Task requirements>
From the first line to the last, return the data exactly, with no pictures.

Data below>
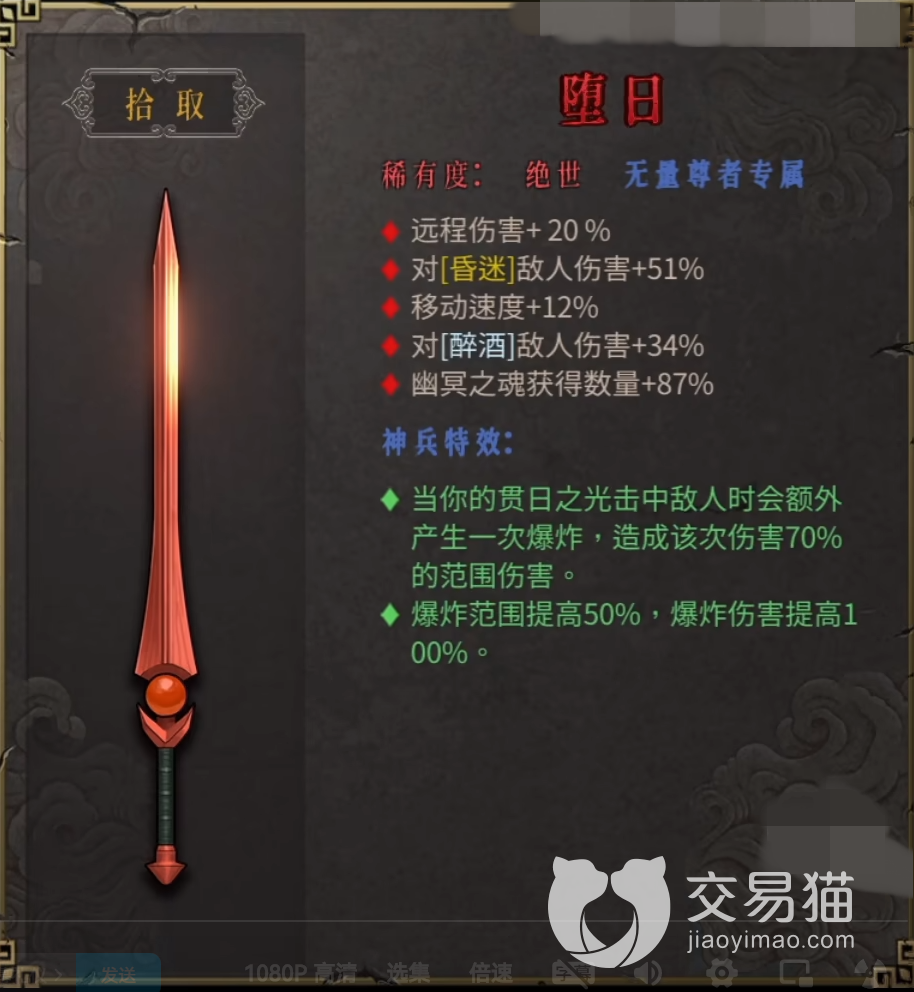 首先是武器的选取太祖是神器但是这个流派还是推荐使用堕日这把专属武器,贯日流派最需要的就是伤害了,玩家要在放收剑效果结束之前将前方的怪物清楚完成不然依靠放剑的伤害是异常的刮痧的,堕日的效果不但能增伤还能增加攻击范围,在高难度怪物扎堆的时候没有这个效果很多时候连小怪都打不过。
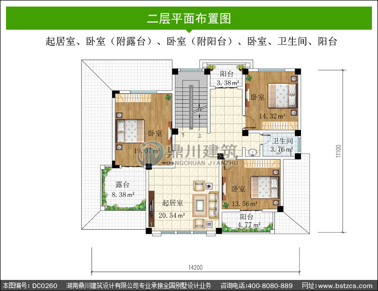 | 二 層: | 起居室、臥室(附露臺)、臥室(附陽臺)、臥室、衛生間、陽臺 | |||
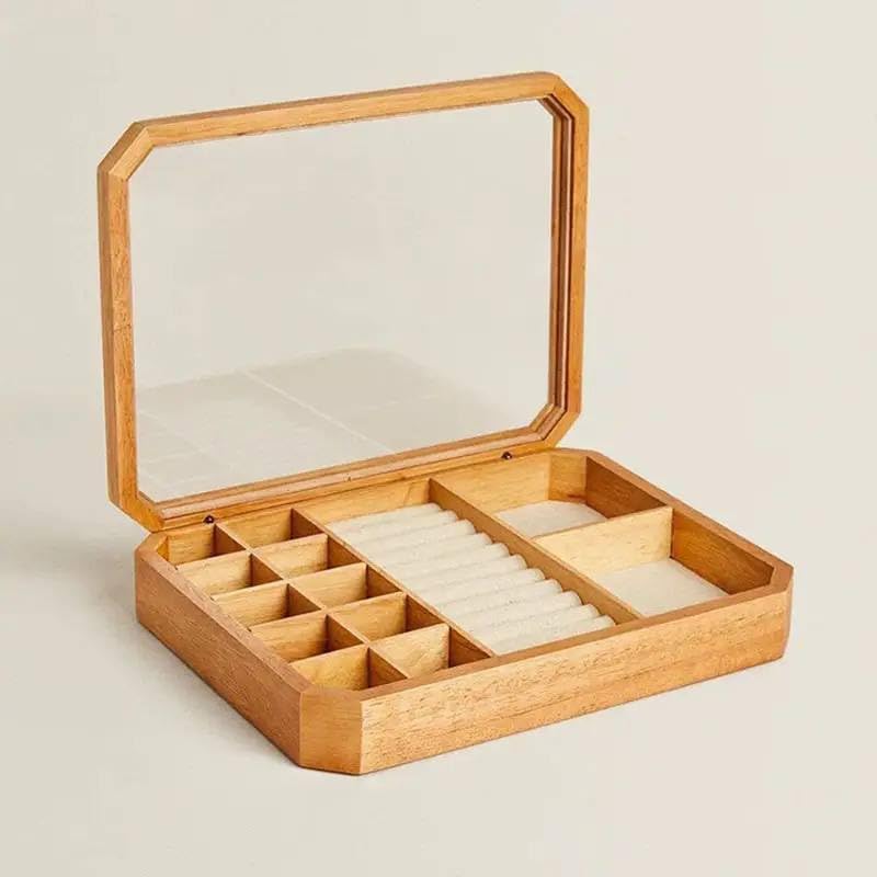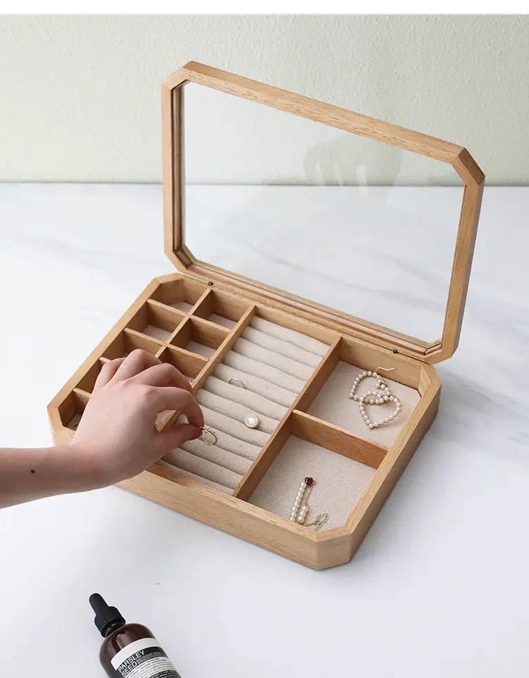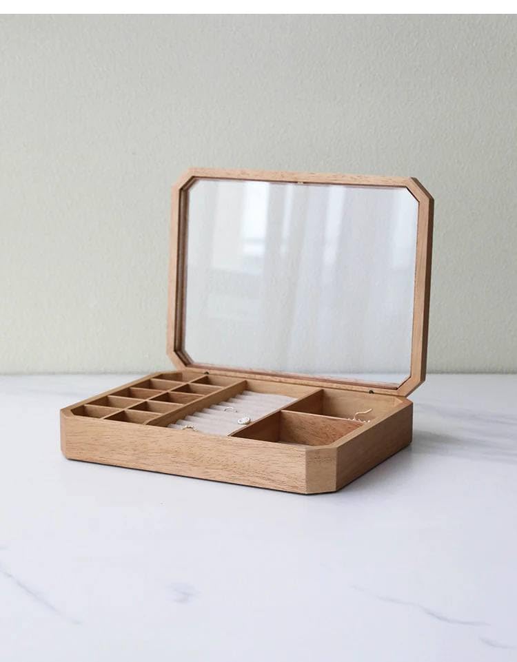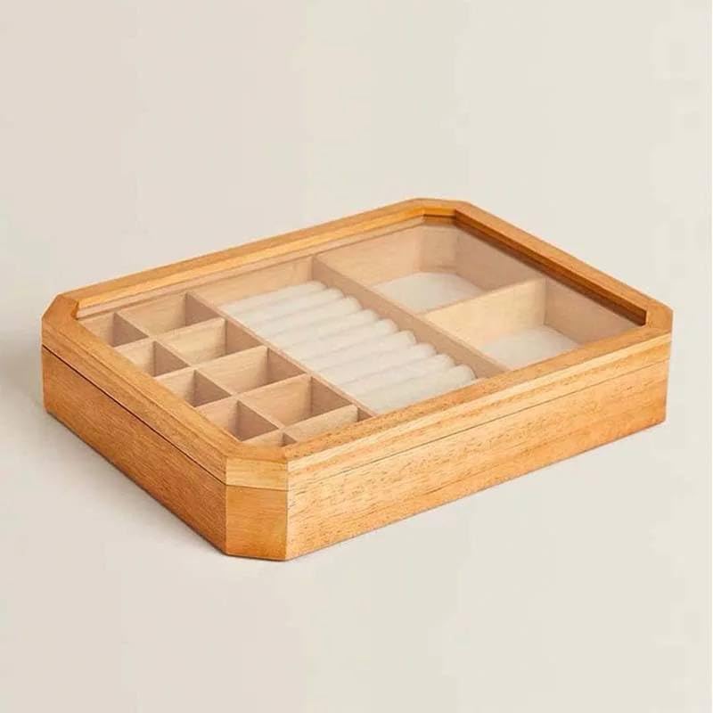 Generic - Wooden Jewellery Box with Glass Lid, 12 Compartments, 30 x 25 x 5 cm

Result>
 首先是武器的选取太祖是神器但是这个流派还是推荐使用堕日这把专属武器,贯日流派最需要的就是伤害了,玩家要在放收剑效果结束之前将前方的怪物清楚完成不然依靠放剑的伤害是异常的刮痧的,堕日的效果不但能增伤还能增加攻击范围,在高难度怪物扎堆的时候没有这个效果很多时候连小怪都打不过。
 | 二 層: | 起居室、臥室(附露臺)、臥室(附陽臺)、臥室、衛生間、陽臺 | |||
 Generic - Wooden Jewellery Box with Glass Lid, 12 Compartments, 30 x 25 x 5 cm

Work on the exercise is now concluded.